Story is king.
Story is everything.
Story is a state of mind.
Story isn’t over yet.
The above is my Google poem, “Story Is.” In case you’ve never composed a Google poem, it’s pretty easy. You just type something into the search bar, and the autocomplete suggestions form a poem. This idea is nothing new, but since Google suggestions are updated constantly, and autocomplete differs depending on the version you’re using, Google poems are always changing. According to Sampsa Nuotio, who runs the blog Google Poetics, if you find a great poem, you should be sure to capture it right away with a screenshot. When I type “story is” into the search bar tomorrow, I might get a different poem.
Autocomplete and predictive text are changing the way people type, write, and perhaps even think. The other day, I was tutoring a sixth grade student who was writing an essay about The Giver by Lois Lowry. He was typing this on his iPad, using two fingers to hunt and peck on the screen keyboard. “Do you want to use the computer instead?” I asked. “So you can use a real keyboard?”
“No. It’s faster for me this way.”
As I watched him type, I realized why. He only typed the first few letters of each word before looking at the autocomplete suggestions and picking the word was looking for; then he’d move on to the next word. That’s when it hit me: kids these days are typing in a totally different way than I do.
I’ll refrain from saying that my way is better, although I do think there is a certain grace to having your fingers poised on home row, and a certain music to the clackety-clack of a typist who can reach each key with only a slight stretch of the proper finger.

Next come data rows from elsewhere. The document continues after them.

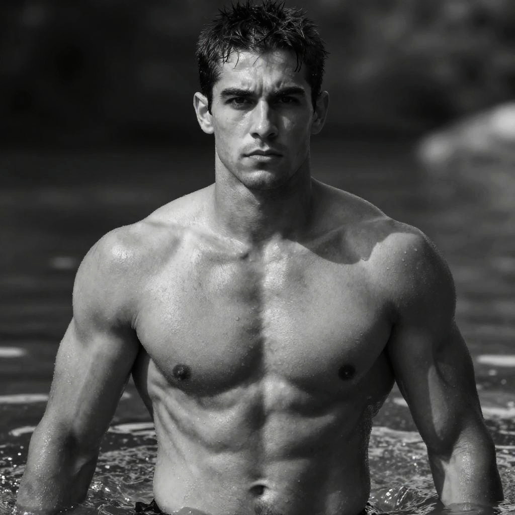 A muscular man stands waist-deep in water, showcasing his well-defined physique in a striking black and white portrait. The intense expression on his face emphasizes strength and determination, capturing the essence of fitness and masculinity.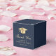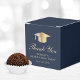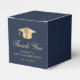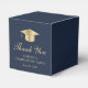 Caixa de lembrança de festa de graduação azul escuro elegante com um chapéu de graduado dourado, "Obrigado" em uma fonte dourada clássica e o nome do graduado e data da festa em tipografia dourada clara moderna.
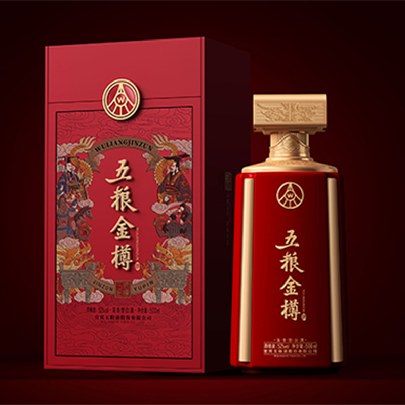 五粮液股份出品 五粮金樽红冠 52度 浓香型纯粮白酒 喜酒送礼 商务宴 500mL*4瓶 整箱装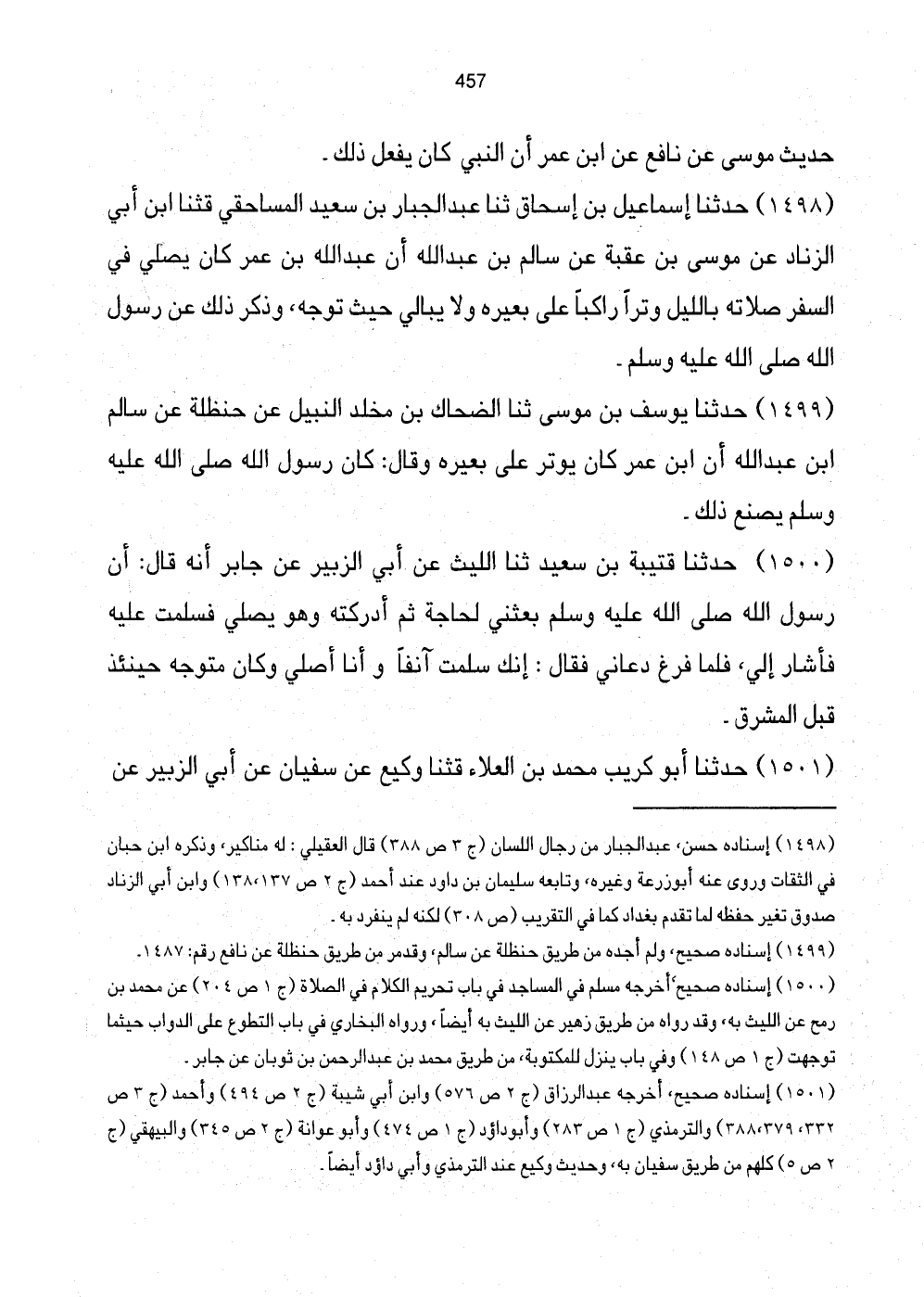 [1500] إِسْنَاده صَحِيح، أخرجه مُسلم فِي الْمَسَاجِد فِي بَاب تَحْرِيم الْكَلَام فِي الصَّلَاة (ج1 ص204) عَن مُحَمَّد بن رمح عَن اللَّيْث بِهِ، وَقد رَوَاهُ من طَرِيق زُهَيْر عَن اللَّيْث بِهِ أَيْضا، وَرَوَاهُ البُخَارِيّ فِي بَاب التَّطَوُّع على الدَّوَابّ حَيْثُمَا تَوَجَّهت (ج1 ص148) وَفِي بَاب ينزل للمكتوبة، من طَرِيق مُحَمَّد بن عبد الرَّحْمَن بن ثَوْبَان عَن جَابر.
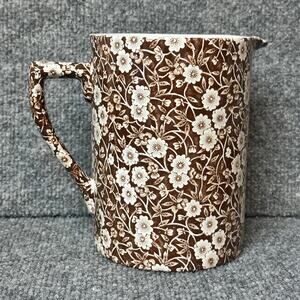 Antique Staffordshire brown Transferware Calico measuring pitcher Ironstone jug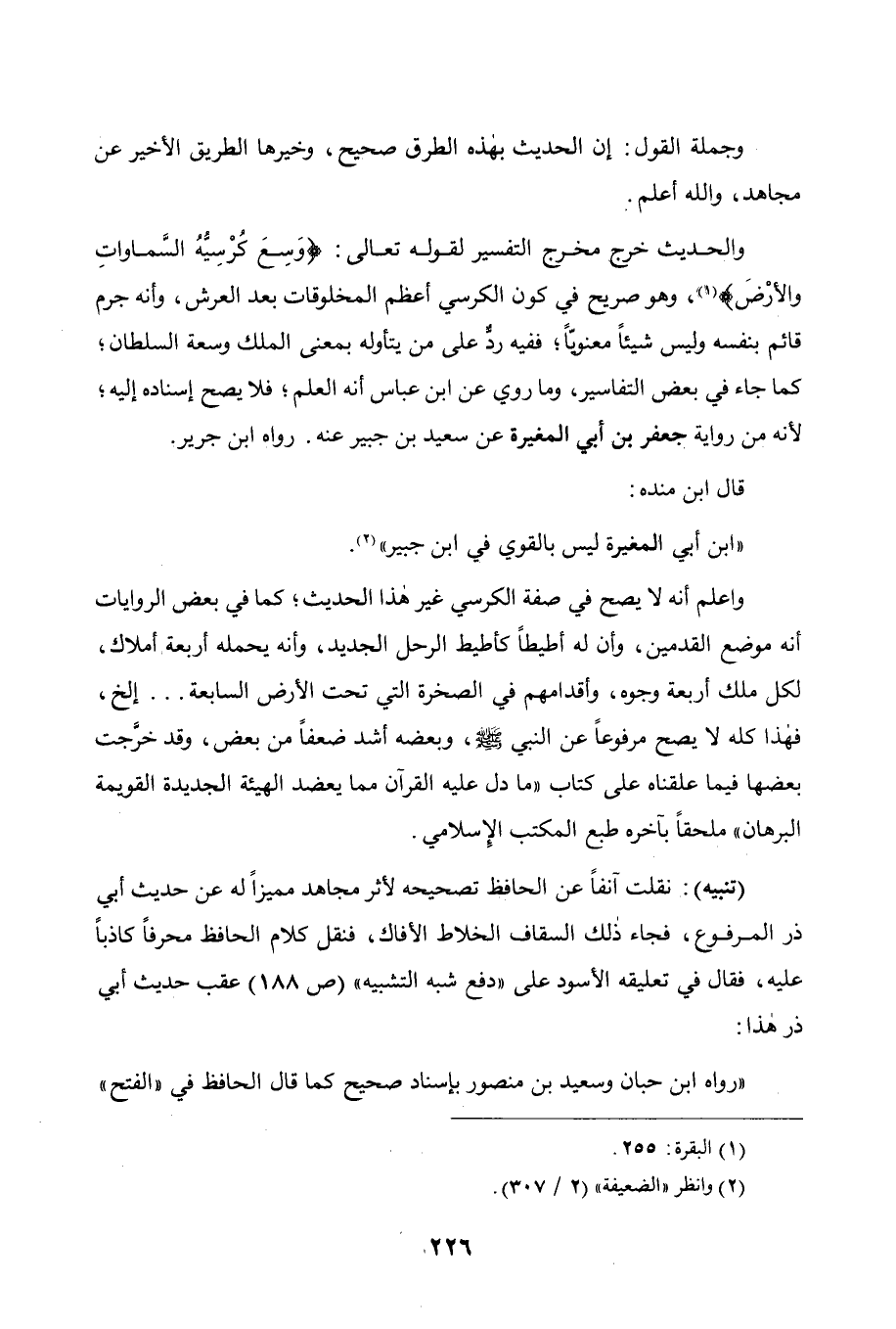 صريح في كون الكرسي أعظم المخلوقات بعد العرش، وأنه جرم قائم بنفسه وليس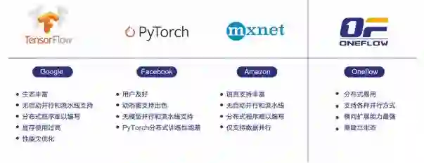 OneFlow 历经两年的研发,2018 年 10 月份才推出 1.0 版本,还是一个很年轻的系统,目前正在客户的生产环境里面试用和迭代。实事求是的讲,我们在模型的丰富程度,易用性,多语言支持等方面还有比较大的提升空间,目前是落后于其它框架的。但是,OneFlow 在企业级大规模应用上是称得上遥遥领先的:(1)分布式最容易使用,用户在写程序的时候是感受不到多机和单机的区别的;(2)OneFlow 支持数据并行,模型并行和流水并行,而其它框架只支持最容易支持的数据并行;(3)OneFlow 在分布式训练时的扩展能力,加速比是最优秀的。这些特点也正是 OneFlow 作为企业级深度学习框架,比已有开源深度学习框架优秀之处。

Nietzsche once said, after noticing that switching from paper and pen to a typewriter changed the nature of his writing, that “our writing equipment takes part in the forming of our thoughts” (Carr). So I wonder how predictive text might affect the writing process. If kids are used to typing something halfway and then getting suggestions for the rest, might it be hard for them to write something creative and original? Will they be waiting for suggestions to appear? Will they not know how to finish their own thoughts?
Every generation worries that, because of newfangled inventions and technology, the younger generation will become bereft of smarts or ability or creativity. (See that whole part in “Is Google Making Us Stupid” by Nicholas Carr about how the development of writing, and later the printing press, had scholars of the time concerned about the future of brainpower.)

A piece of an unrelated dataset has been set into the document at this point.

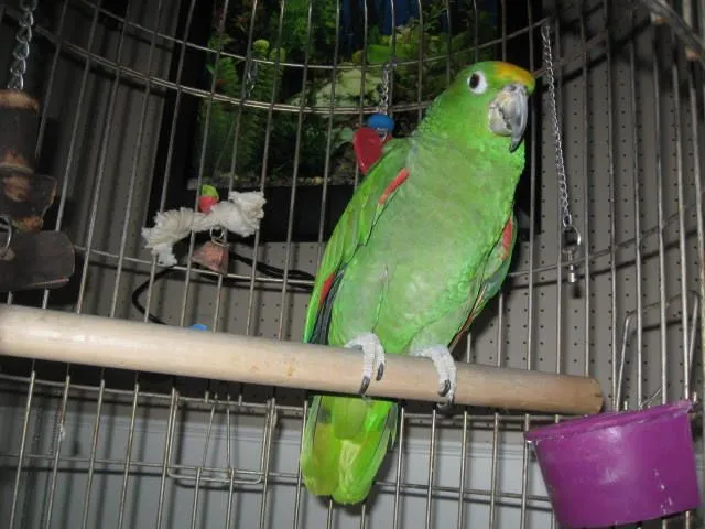 Thank you everyone for your responses. Yes Poncho needs a lot of new things and he will get all of them. I have had him a week today and did not want to moves things too fast. As stated in my post Poncho was rescued. The woman was very much afraid of him and would push him to the back of the cage with a broom handle so that she could feed him. Most of his life was spent in a basement where he was feed just once a week. He has a terrible scream which sounds like a smoke detector going off, but I can work with that. He has been on a seed diet only, his entire life. I have introduced pellets into his seed and hopefully he will accept them. I have also been given him many fruits and vegetables, which he loves very much. You cannot imagine how good I felt when last night, after 6 days in my home, he fluffed up pushed his head to the cage and allowed me to scratch his head. Thanks again everyone for your kind words and suggestions for improving Ponchos life.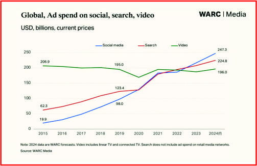 Las redes sociales son un potentísimo imán atrayendo los presupuestos publicitarios de los anunciantes. De acuerdo con el informe «Global Ad Spend Forecast» de WARC, esta categoría alcanzará niveles de inversión particularmente conspicuos en 2024 y adelantará, de hecho, a «search» como el canal con más volumen de inversión publicitaria en todo el mundo.

And when it comes to creativity, there are many writers of previous generations who would turn up their noses at the thought of writing stories or novels on a computer, and yet that is how I compose most everything I write, and I think I’m doing okay. Heck, maybe the next great American novel will be written by someone hunting and pecking on an ipad.
The other day my younger brother, the extremely creative and talented Deven James Langston, was talking to my mom about his career. Deven is a Computer person with a capital “C.” He was a kinetic imagery major in art school and creates artwork through computer animation, moving graphics, electronic music, and digitally-enhanced photography. (To see some of the amazing monthly photos Deven and his girlfriend have been making, go here.)

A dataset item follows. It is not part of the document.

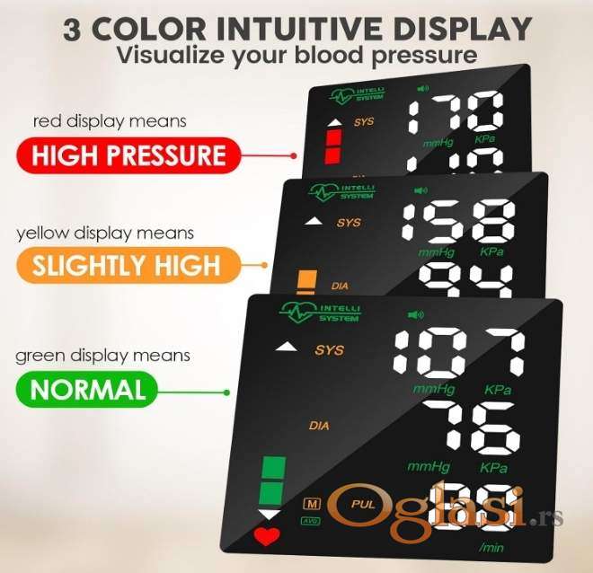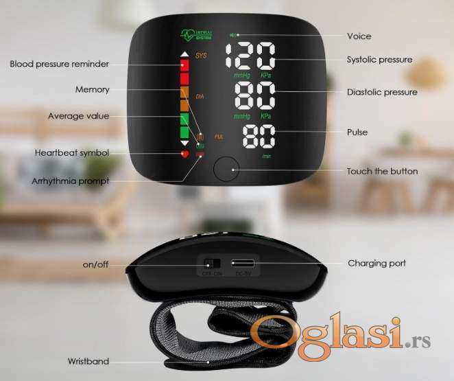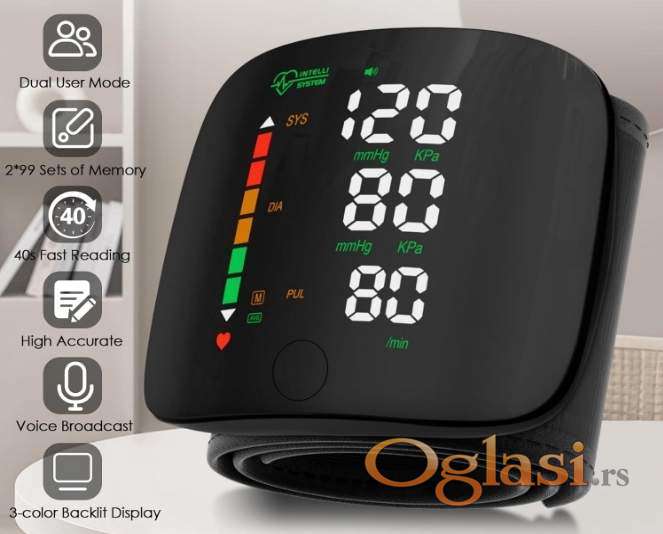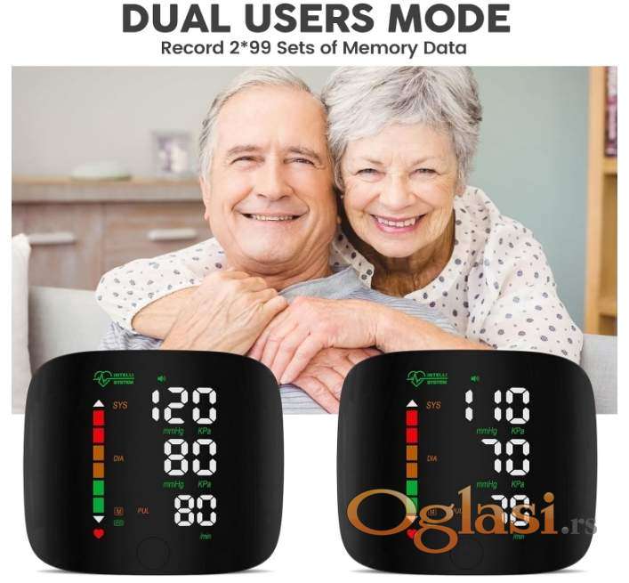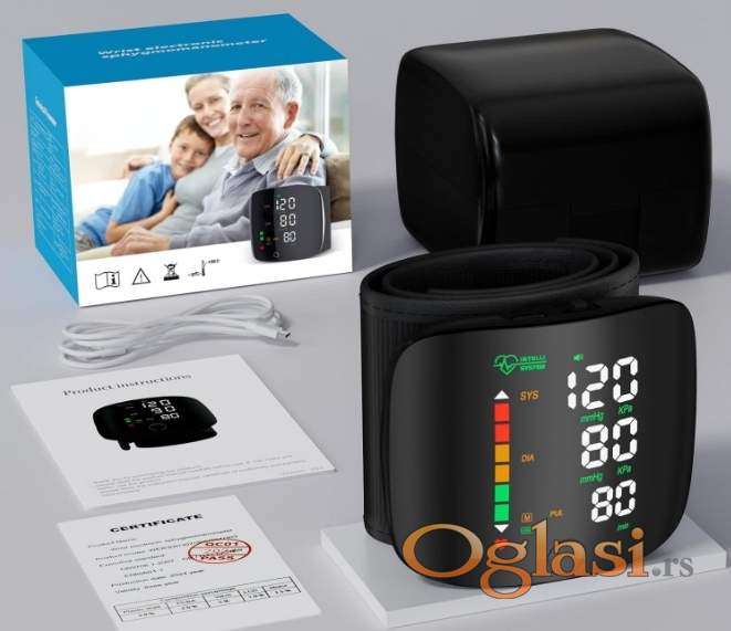 Digitalni zglobni merač pritiska i pulsa, NEOTPAKOVAN, pogodan za brzo i precizno merenje, jednostavan za upotrebu, 2 x 99 memorija (mogu ga koristiti dve osobe), detektuje aritmiju, prikazuje prosečne vrednosti izmerenih rezultata, veliki kolor ekran, punjiva baterija (kabl za punjenje uključen).

Deven was talking to my mom about starting a youtube channel, which, to be honest, I didn’t realize was a viable career choice, but apparently it is. I was born in 1981 – a bit too young to be considered Generation X and a bit too old to be a Millenial. I’m at that age where, although I use technology, I’m a bit intimidated of it. Deven, on the other hand, is definitely a Millenial — he not only understands new technology, he loves it.
I look at Deven, and at the awesome art he creates in his free time, and I realize that, as usual, we old fogies have nothing to worry about. Kids are going to be smart and capable and creative, no matter what technology they grow up with. Finding a creative outlet seems to be part of human nature, and Google won’t take that away. Another human instinct: story. I’m pretty sure that we will be telling them – in some way or another – for a long time to come.
And besides, if people are finding poetry in the Google search bar, and kids are still reading The Giver, I don’t think we have too much too worry about.